A reclamação RCL 92644 tem como relator o Ministro Cristiano Zanin que deferiu o pedido liminar nos seguintes termos:
(…) defiro a medida liminar, para suspender os efeitos das decisões reclamadas e, como corolário, (i) suspender a realização de eleições indiretas para os cargos majoritários do Estado do Rio de Janeiro (Governador e Vice-Governador) e, ainda, (ii) para que até o final julgamento desta reclamação seja mantido o Presidente do Tribunal de Justiça do Estado do Rio de Janeiro no exercício do cargo de Governador do Estado.
Segundo o Ministro Cristiano Zanin, na fundamentação que deferiu à medida cautelar:
Do cotejo do julgado proferido pelo Tribunal Superior Eleitoral com o precedente vinculante do Supremo Tribunal Federal apontado como paradigma nesta reclamação, é possível verificar, em juízo perfunctório, próprio da análise das medidas liminares, uma aparente contradição.
Com efeito, embora no caso concreto seja possível verificar vacância superior a 6 (seis) meses do cargo, o TSE determinou a realização de eleições indiretas, ao passo que o Supremo Tribunal Federal, no precedente vinculante indicado na petição inicial, faz alusão à realização de eleições diretas em tal circunstância.
Destaque-se que na ADI 7.942/RJ, que julga a inconstitucionalidade da Lei Complementar 229/2026 , o Ministro Cristiano Zanin reconheceu “a ocorrência de mecanismo de burla para evitar a cassação do governador eleito”, tendo emitido o seguinte voto:
[…] na minha compreensão e como bem assinalado pelo Ministro Alexandre de Moraes, a renúncia do governador eleito surge como mecanismo de burla à autoridade da Justiça Eleitoral, excluindo o eleitor e, em consequência, o exercício da soberania popular, da escolha do titular para o cargo de governador do Estado, ainda que em período residual. À soberania popular, nos termos do art. 14 da Constituição Federal, é exercida pelo sufrágio universal e pelo voto direto e secreto, com valor igual para todos.

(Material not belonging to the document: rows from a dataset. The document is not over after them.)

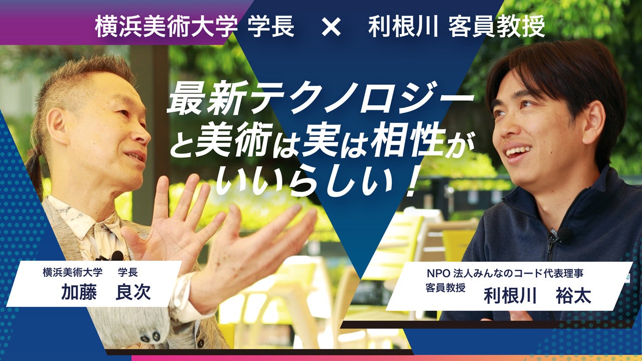 客員教授への就任を記念し、横浜美術大学 加藤良次学長と利根川客員教授による対談記事および対談動画が公開されました。加藤学長と利根川客員教授が、美術教育とテクノロジーの可能性について議論します。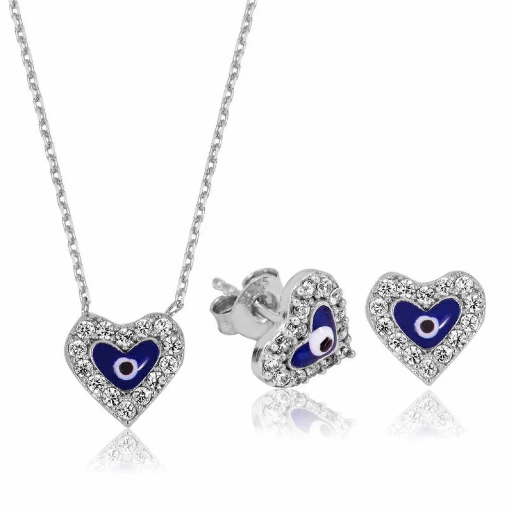 Birçok kültürde kötü enerjinin zararlarından korunmak için çeşitli tılsımlar kullanılmıştır. Doğu kültürlerinin çoğunda kullanılan tılsım ise gözdür. Nazar boncuğu da göz şeklinden ilhamla tasarlanmıştır. Mavi rengin seçilmesi de tesadüf değildir. Renkli gözlü kişilerin enerjisini daha etkili yansıttığı inancı gereği nazar boncukları çoğunlukla mavi olarak tasarlanır.nbsp;Güzelliğiyle göz kamaştıran, nazardan korunmasını istediğiniz kişilere ve sevdiklerinize nazar boncuklu kalp seti armağan edebilirsiniz. Ürünlerimizin tamamı el emeği ile üretilmiştir. Gümüş ve değerli taşlar nedeniyle belirtilen ortalama ürün ağırlığında ± %10 sapma olabilmektedir.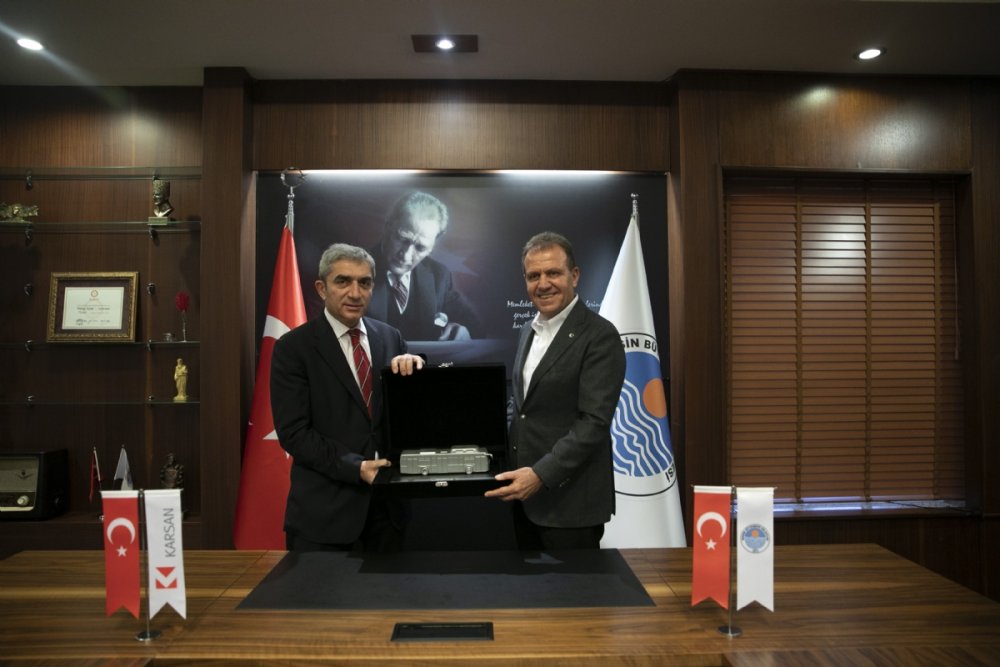 KARSAN Otomotiv Sanayi ve Ticaret A. Ş. CEO’su Okan Baş da imza töreninde yaptığı açıklamada, hem filoyu gençleştirmesi hem de en yeni teknolojilere sahip olması dolayısıyla Mersin’e çok iyi ürünler kazandırdıklarını belirterek, “Biz hem gururlanıyoruz hem de bizim için önemli bir sorumluluk bu. Çünkü bu kadar büyük bir filo son yıllarda Mersin’den başladı. Önemli bir referans bizim için. Buradaki sizin memnuniyetinizle Türkiye’nin diğer şehirlerine de ulaşmayı hedefliyoruz. Bu anlamda araçlarımıza çok da iyi bakacağız. Hep beraber Mersinlilere layık olmaya çalışacağız. Geçen seneden bugüne tüm Limonlarınızı KARSAN olarak tercih ettiğiniz için teşekkür etmek istiyorum. Herkese, Mersinlilere hayırlı olsun demek istiyorum” diye konuştu.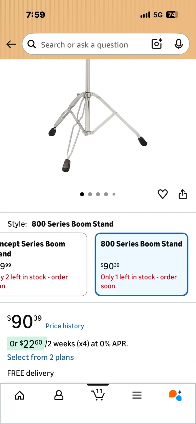 The price of a cymbal stand is $90 in-store (plus tax) or online.
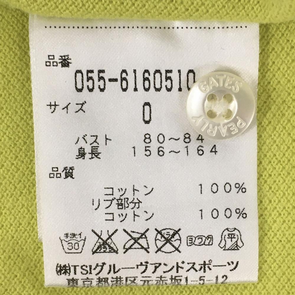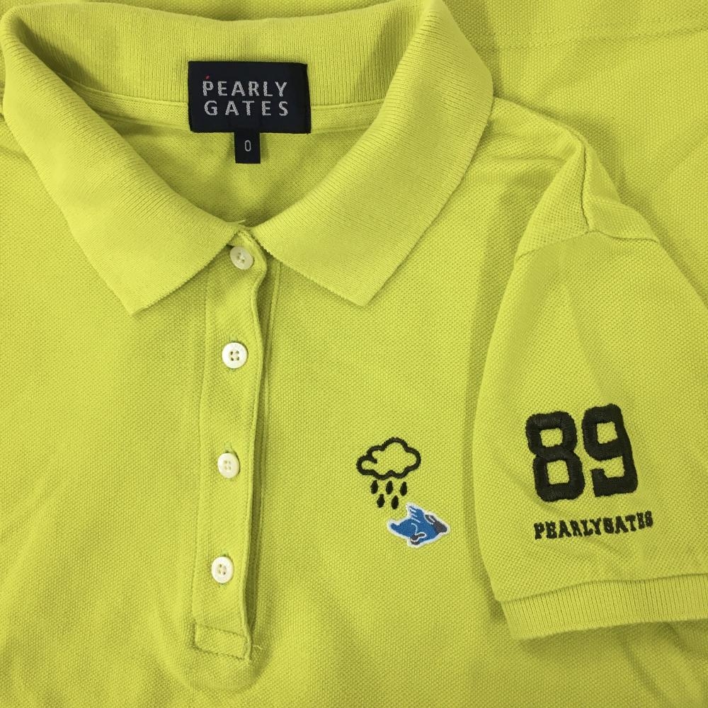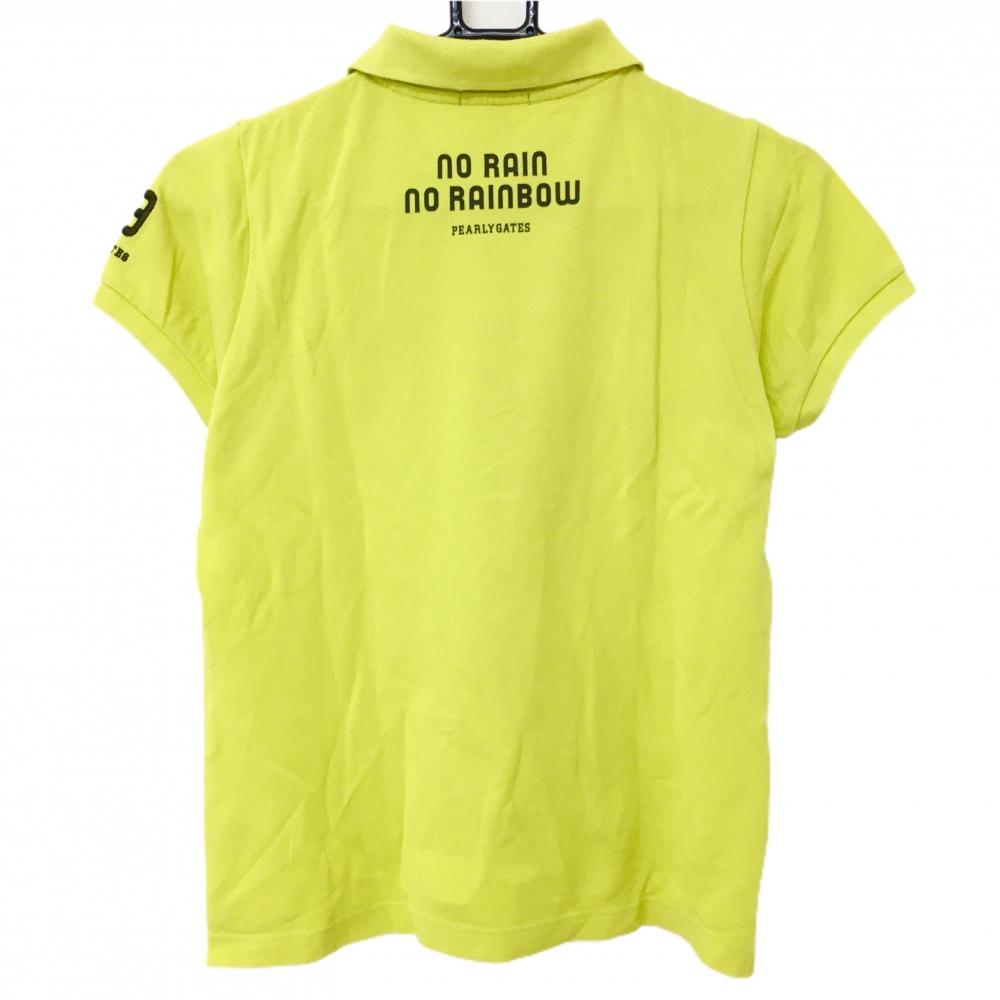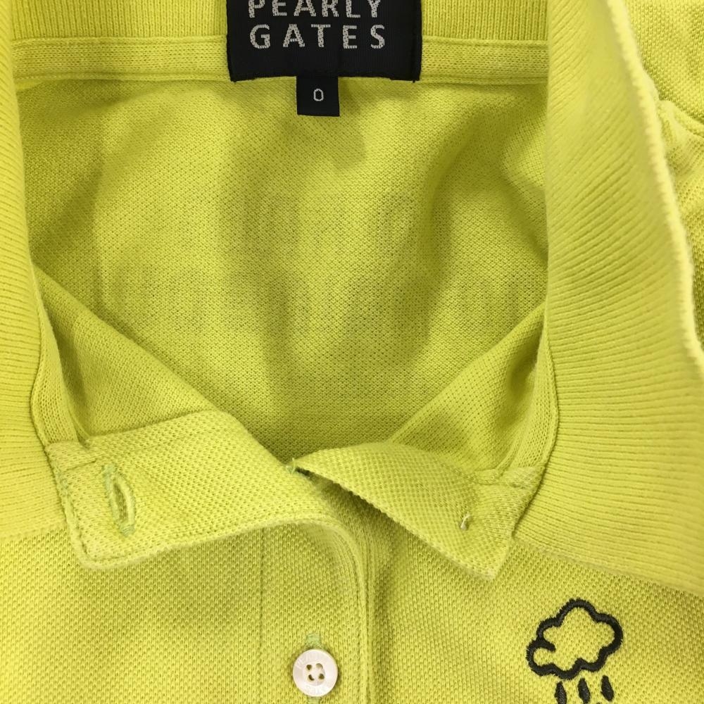 【美品】パーリーゲイツ 半袖ポロシャツ ライムイエロー系 ウェザー刺しゅう コットン100% レディース 0(S) ゴルフウェア PEARLY GATES

[…] Posto isso, acompanho o voto proferido pelo Ministro Alexandre de Moraes no sentido de conceder interpretação conforme à Constituição Federal à Lei Complementar do Estado do Rio de Janeiro 229/2026, para que esta não incida na próxima eleição, devendo ser aplicado o art. 224, § 4º, II, do Código Eleitoral. Acompanho, ainda, o Ministro Alexandre de Moraes na manutenção do Presidente do Tribunal de Justiça do Estado do Rio de Janeiro no exercício do cargo de Governador do Estado até a realização das eleições diretas e posse dos novos Governador e Vice-Governador do Estado do Rio de Janeiro.
V. Desafios Institucionais e Impasses a Serem Enfrentados no Julgamento de Mérito
Não há dúvidas que os fatos relacionados ao escândalo do CEPERJ foram gravíssimos e que as condutas perpetradas pelos réus, condenados pelo Tribunal Superior Eleitoral nos Recursos Ordinários Eleitorais n.º 0606570 -47.2022.6.19.0000/RJ e n.º 0603507-14.2022.6.19.0000/RJ, devem ser punidas na forma da lei.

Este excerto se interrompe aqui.